Will the symptoms of a second heart attack be the same as those of the first?
Certainly not in every case. The symptoms can vary from person to person. In addition to this, some people feel chest pain known as angina while they are physically active, and they may believe that they are having a second heart attack because of it. Have a conversation with your healthcare practitioner about what warning signs to look out for and when to get help. 9-1-1.4

What dosage of aspirin should I take to reduce the risk of having another heart attack?
Ask your cardiologist: Although taking a daily low-dose aspirin may be beneficial for some individuals who are at high risk for a heart attack, including those who have already suffered from one, doing so is not recommended or even safe for everyone, such as individuals who are over the age of 70 or who have a bleeding issue.
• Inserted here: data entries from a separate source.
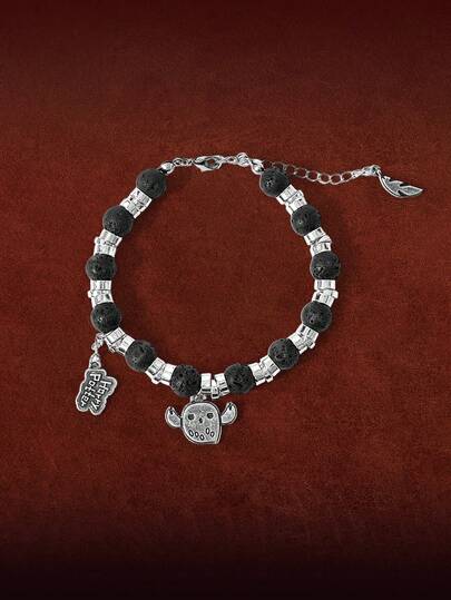 HARRY POTTER X SHEIN Minimalist Bracelet - Hedwig Midnight Flight Black Bead Design - Silver - View 1
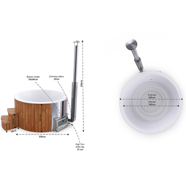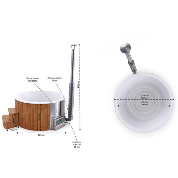 Hot Tub aus Acryl mit integriertem Holzofen konfigurierbar 200×200 (Basic)
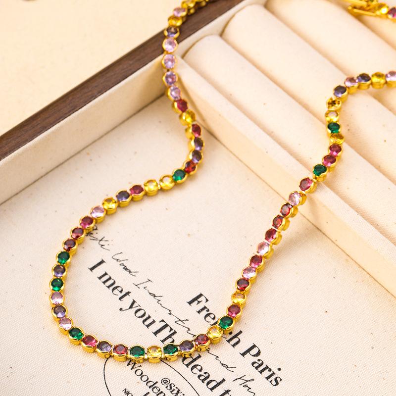 Compra Collar de dopamina con circonitas de colores, de gran venta transfronteriza, de alta calidad y combinable, para mujer, con cadena de clavícula. al por mayor en Joom.pro
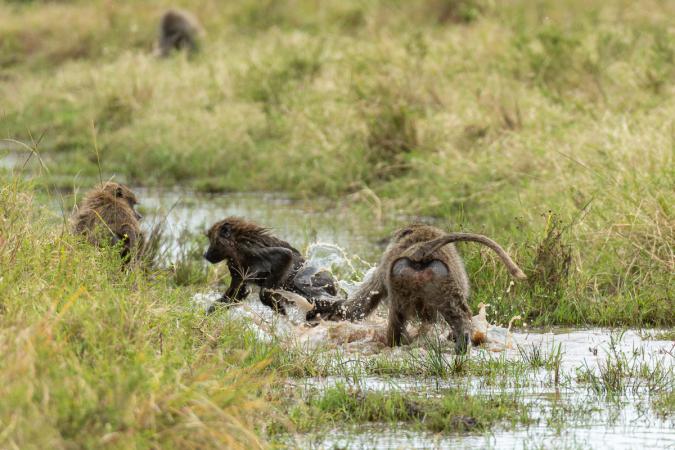 Poof, the little one falls. The mother licks her but when a car arrives, she gets scared and runs away. The baby, still stuck in his pocket, can't follow her. Fortunately, she returns. We leave them quiet and we go away. It is great to attend a birth in live. What a moment! Return at 12:30. Classic afternoon: hyenas, baboons,

You should not take aspirin unless specifically directed to do so by your healthcare physician.5

What steps should I take to protect myself if I suffer a second heart attack?
You must have a plan in place for what to do if you believe you are experiencing another heart attack, such as taking nitroglycerin or chewing an aspirin. In addition, compile a list of your medications, the names and contact information of your healthcare providers and emergency contacts, and a note of any additional medical conditions you may have.4
 

Popular sweetener erythritol has been linked to an increased risk of heart attack and stroke.